(Records drawn from a dataset)
****************************************

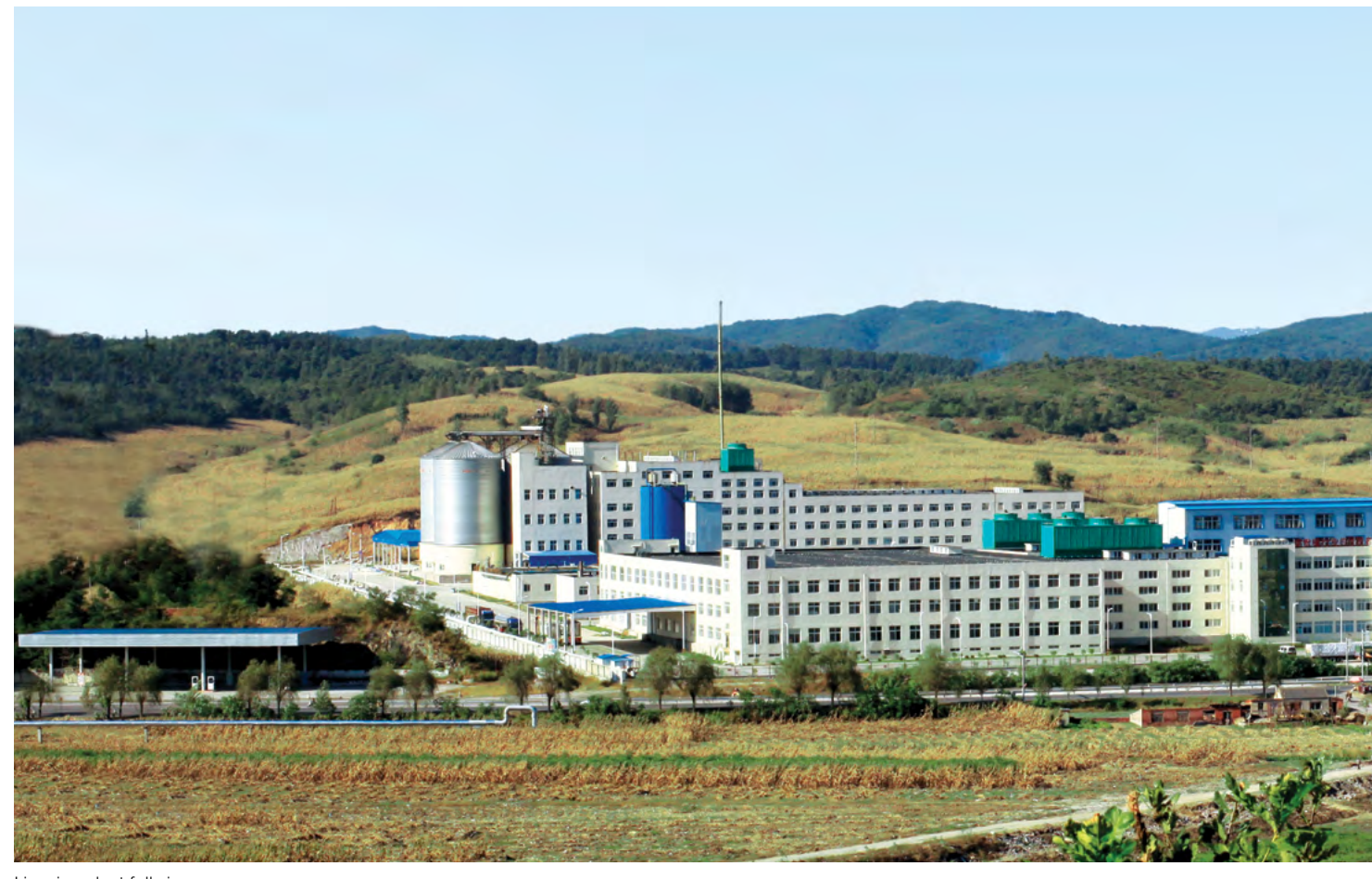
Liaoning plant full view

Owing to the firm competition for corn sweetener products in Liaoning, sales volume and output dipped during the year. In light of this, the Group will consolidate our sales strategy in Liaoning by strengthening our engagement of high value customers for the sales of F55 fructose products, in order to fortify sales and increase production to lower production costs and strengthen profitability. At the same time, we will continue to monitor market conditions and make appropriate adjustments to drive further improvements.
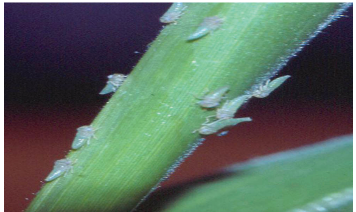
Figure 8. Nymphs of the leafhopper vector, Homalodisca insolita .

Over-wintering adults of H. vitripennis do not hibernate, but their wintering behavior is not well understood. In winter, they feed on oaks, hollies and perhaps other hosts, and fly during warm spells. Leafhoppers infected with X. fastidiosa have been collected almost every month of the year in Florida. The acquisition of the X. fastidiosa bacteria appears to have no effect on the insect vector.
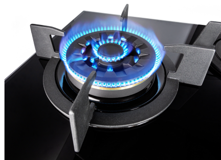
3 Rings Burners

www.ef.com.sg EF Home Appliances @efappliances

****************************************

Nothing but the lines from the one containing "3 Rings Burners" to the end of the records above should appear, each copied exactly.

3 Rings Burners

www.ef.com.sg EF Home Appliances @efappliances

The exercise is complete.